### PROVIDED MATERIAL
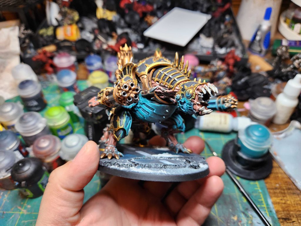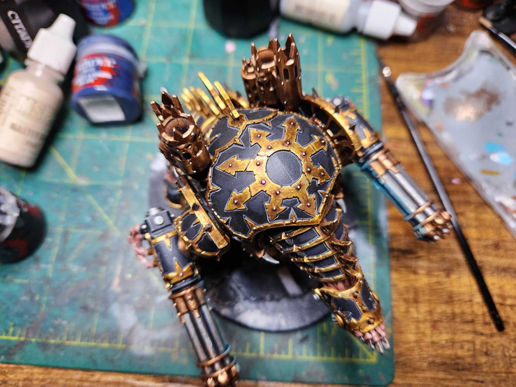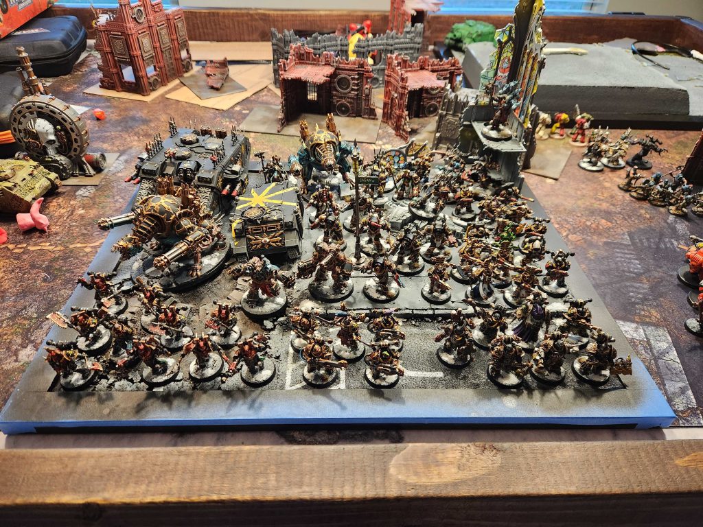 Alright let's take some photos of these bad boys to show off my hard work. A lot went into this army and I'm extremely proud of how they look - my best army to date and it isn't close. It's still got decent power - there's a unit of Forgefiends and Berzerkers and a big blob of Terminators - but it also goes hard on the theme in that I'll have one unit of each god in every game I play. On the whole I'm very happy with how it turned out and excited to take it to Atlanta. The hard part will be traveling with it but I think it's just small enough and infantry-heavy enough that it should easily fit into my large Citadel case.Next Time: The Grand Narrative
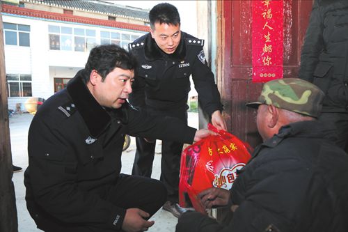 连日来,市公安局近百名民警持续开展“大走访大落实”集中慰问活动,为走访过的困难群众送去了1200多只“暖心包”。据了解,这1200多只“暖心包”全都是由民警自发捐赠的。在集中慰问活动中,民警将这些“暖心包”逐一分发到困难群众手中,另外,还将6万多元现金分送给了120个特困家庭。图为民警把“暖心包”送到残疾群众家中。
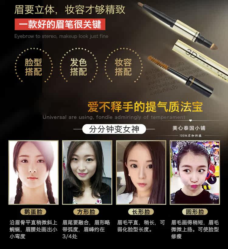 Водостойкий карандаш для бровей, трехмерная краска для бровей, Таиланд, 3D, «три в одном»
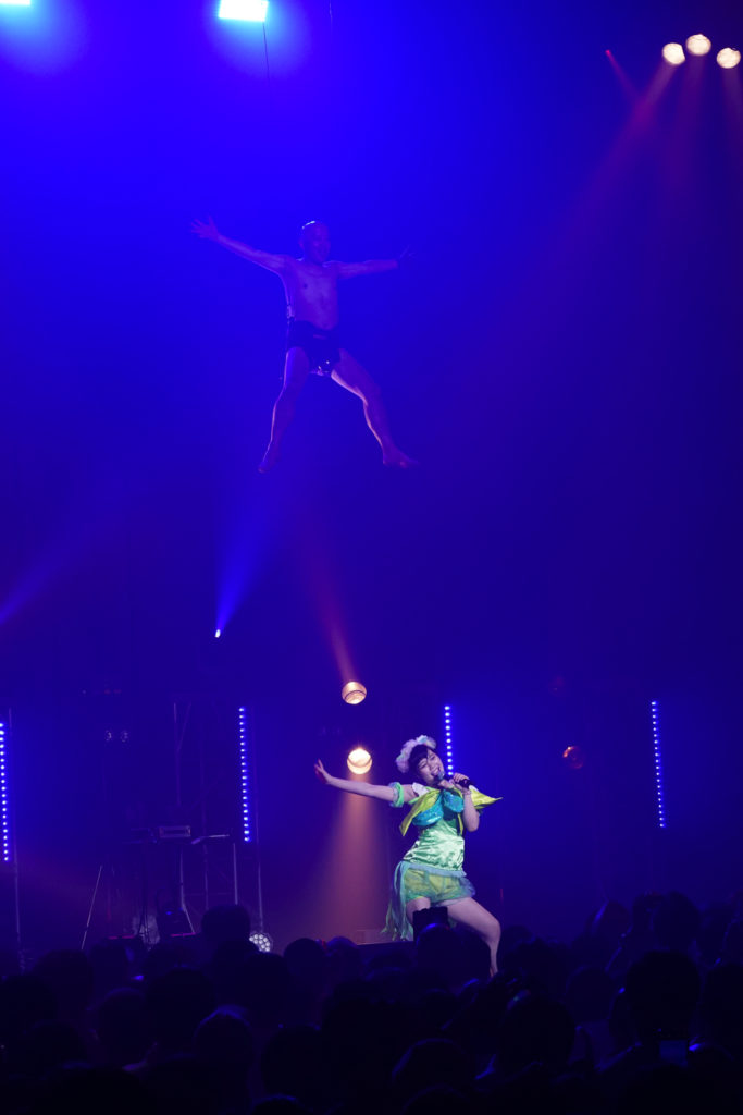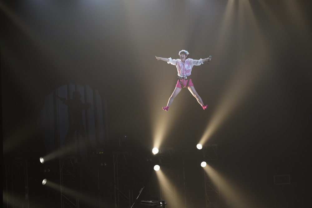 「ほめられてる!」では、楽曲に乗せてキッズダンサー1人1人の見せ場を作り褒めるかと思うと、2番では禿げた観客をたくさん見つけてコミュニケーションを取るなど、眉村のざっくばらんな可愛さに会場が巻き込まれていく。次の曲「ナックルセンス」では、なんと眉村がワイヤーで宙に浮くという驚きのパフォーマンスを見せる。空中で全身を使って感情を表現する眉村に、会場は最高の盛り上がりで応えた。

### WORK ITEM
You are asked to reproduce each line above exactly, but to exclude the pictures.

### TASK OUTPUT
 Alright let's take some photos of these bad boys to show off my hard work. A lot went into this army and I'm extremely proud of how they look - my best army to date and it isn't close. It's still got decent power - there's a unit of Forgefiends and Berzerkers and a big blob of Terminators - but it also goes hard on the theme in that I'll have one unit of each god in every game I play. On the whole I'm very happy with how it turned out and excited to take it to Atlanta. The hard part will be traveling with it but I think it's just small enough and infantry-heavy enough that it should easily fit into my large Citadel case.Next Time: The Grand Narrative
 连日来,市公安局近百名民警持续开展“大走访大落实”集中慰问活动,为走访过的困难群众送去了1200多只“暖心包”。据了解,这1200多只“暖心包”全都是由民警自发捐赠的。在集中慰问活动中,民警将这些“暖心包”逐一分发到困难群众手中,另外,还将6万多元现金分送给了120个特困家庭。图为民警把“暖心包”送到残疾群众家中。
 Водостойкий карандаш для бровей, трехмерная краска для бровей, Таиланд, 3D, «три в одном»
 「ほめられてる!」では、楽曲に乗せてキッズダンサー1人1人の見せ場を作り褒めるかと思うと、2番では禿げた観客をたくさん見つけてコミュニケーションを取るなど、眉村のざっくばらんな可愛さに会場が巻き込まれていく。次の曲「ナックルセンス」では、なんと眉村がワイヤーで宙に浮くという驚きのパフォーマンスを見せる。空中で全身を使って感情を表現する眉村に、会場は最高の盛り上がりで応えた。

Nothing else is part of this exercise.